Air-rights projects may continue to be a viable direction in a compact, built-out city such as Boston. “In many ways, now we’re creating land,” says Rosenthal. “I feel a little bit like a pioneer, when our forefathers filled in Boston Harbor, which was an engineering feat in and of itself. Now we’re taking air rights over the highway in order to create land.” In doing so, however, it is important to ensure that the projects can justify the costs. “You certainly need uses that can help pay for that premium,” Rosenthal says.

Building this project over the sunken highway rather than over land will run at least $34 million more than a traditional development of this size, he says. Getting buy-in—convincing community groups that higher density is the only way to make it fly—is tough, especially in a neighborhood where buildings typically extend just four to seven stories.

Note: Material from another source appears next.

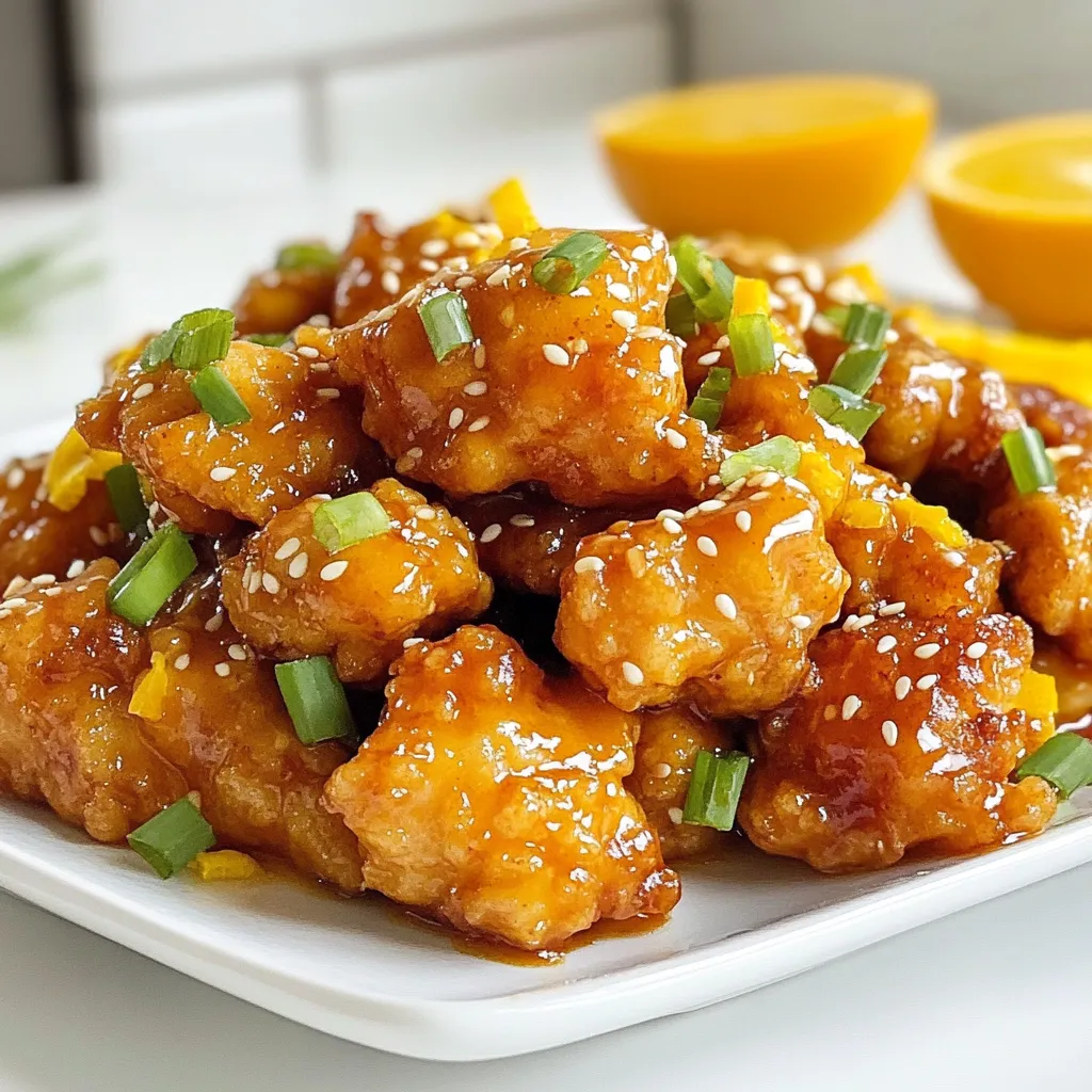 Orange chicken shines with simple sides. Serve it over steamed rice or fried rice. Add some stir-fried veggies for color and nutrition. Green onions and sesame seeds make great garnishes. They add flavor and texture. You can also pair it with a fresh salad. This adds a nice crunch and balance to the meal.

“Boston, in particular outside the financial district, has been opposed to height, density, and parking,” Rosenthal says, “all of which the community groups had to accept in order to see the highway, this ugly scar, covered up.”

The project could usher in a new era of development in the compact city. “If we’re successful it will absolutely lead to new air-rights development,” Rosenthal says.

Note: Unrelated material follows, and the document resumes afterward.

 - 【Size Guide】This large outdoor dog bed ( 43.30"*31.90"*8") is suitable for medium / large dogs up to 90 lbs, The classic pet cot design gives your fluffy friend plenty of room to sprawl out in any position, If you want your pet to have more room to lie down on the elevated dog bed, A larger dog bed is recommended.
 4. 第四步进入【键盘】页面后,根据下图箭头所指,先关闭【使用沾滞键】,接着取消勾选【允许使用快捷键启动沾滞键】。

Fenway Center is expected to break ground around the end of the year, after the Yawkey Station project is completed. The development will be completed in two phases. Phase one comprises the construction of 70,000 sq ft of the highway deck, 420 apartments across three buildings, 50,000 sq ft of retail, and about 1,000 parking spaces in two different garages. That phase should be complete in 2017. Phase two, which will likely begin before the first phase is entirely wrapped up, will add an additional 30,000 sq ft of highway deck along with a 27-story, 305 ft tall building with retail, office, and residential spaces. That should be completed by 2018.